Director's Note 10/1/12

October 1, 2012

Fall has brought not only spectacular color (and I know we’ve all worried about this after the summer drought) and some glorious late-blooming flowers (did you see the crocuses?) to our doorstep, but also French artist Colombe Marcasiano. Marcasiano is our first long-term artist-in-residence, spending the entire month here at Lynden as part of our residency program--designed to enable artists working at the intersection of art and nature to immerse themselves in Lynden’s sculpture collection, its landscape and the surrounding community as they make temporary outdoor work. Please stop by and say bonjour to Colombe as she works on her piece. We are grateful to the Cultural Services of the French Embassy for supporting this residency.

On October 28 we’ll hold an autumnal celebration from 3-5 pm to unveil Marcasiano’s new work and to launch Yevgeniya Kaganovich’s new project, grow. Kaganovich, who is based in Milwaukee, is taking part in the residency program through a participatory, durational project (clue: start saving up your plastic bags). The leaves will no doubt be gone by then, and we will have probably brought some of our summer sculptures indoors (Marta Pan’s Floating Sculpture, which has made such a lovely sunbathing base for turtles since it returned to the water in August; David Robbins’s Open Air Writing Desk; the madly popular swing by Swiss artists Kaspar Müller and Tobias Madison) but we intend to enjoy whatever the season brings us.

Eric Aho, who taught a wonderfully successful plein-air painting workshop at Lynden in August, returns to town for the opening of his show at Tory Folliard Gallery, 233 N. Milwaukee Street. If you can’t make it to the opening on October 18 from 5 to 7:30 pm, the exhibition remains on view through November 24. Stop in to see some of the oil sketches Eric made at Lynden this summer.

There’s still time to see Roy Staab’s new work, Chiral Formation, in the Little Lake, and to catch up on the latest Inside/Outside exhibition featuring Will Pergl and Shona Macdonald. The Women’s Speaker Series resumes on October 16 with a visit from Kyran Pittman, blogger and author of Planting Dandelions: Field Notes from a Semi-Domesticated Life. On October 19 we extend our outdoor dance season just a bit by co-presenting Ocean at UWM, and we invite educators to stop in on October 20 for our 3rd Annual Educators’ Open House. It’s a great opportunity to learn more about our field trips, tours, classes and workshops. Thea Kovac returns on October 21 to teach you how to Put Your Muse to Work, and on October 26 we offer our fall School’s Out Workshop, this one devoted to making solar-powered sculptures. You can arrive early on October 28 and participate in a Wool Felt Marbles Workshop prior to celebrating with our residency artists, too.

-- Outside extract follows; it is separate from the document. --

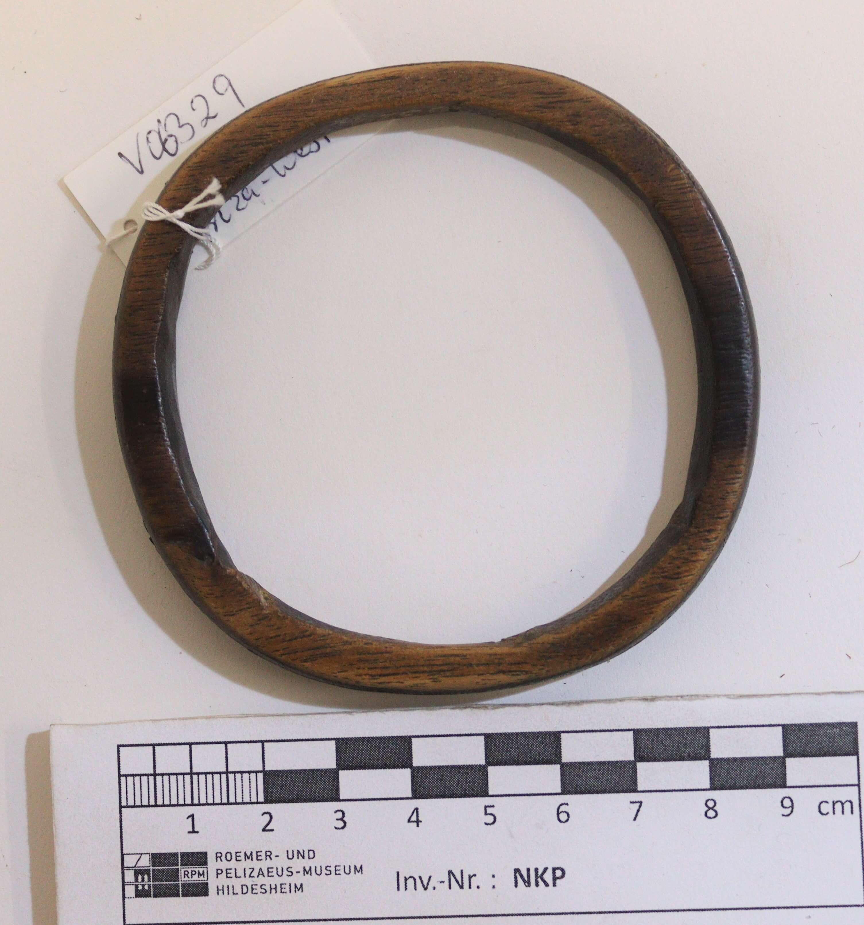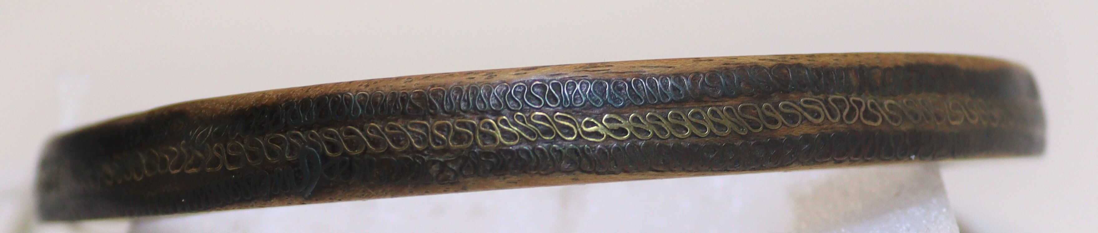 | Description | Die feinen Verzierungen des hölzernen Armrings sind mit dünnem Metalldraht eingelegt (Messing?). |

On the virtual front, many of you will be pleased to know that we are now accepting payment online via Paypal, and that our mobile web site is returning after a brief hiatus. Back here, on planet Earth, we've switched to fall hours (no more late Wednesdays) and, of course, we stay open through the winter.

The Greater Milwaukee Foundation’s Mary L. Nohl Fund Fellowship for Individual Artists program takes up quite a lot of our time in September and October, as the new application cycle opens and we prepare for the opening of the 2011 Nohl Fellows Exhibition. The exhibition opens Friday, October 5, with a reception from 5 to 8 pm, at Inova (2155 N. Prospect Ave.) and remains on view through December 9. More information on the artists and the many activities they will participate in during the course of the exhibition is available at http://arts.uwm.edu/inova, and there will be, as always, a catalogue. Please stop in to see the work of Nicolas Lampert, Brad Lichtenstein, Sonja Thomsen, American Fantasy Classics, Richard Galling, Hans Gindlesberger and Sarah Luther.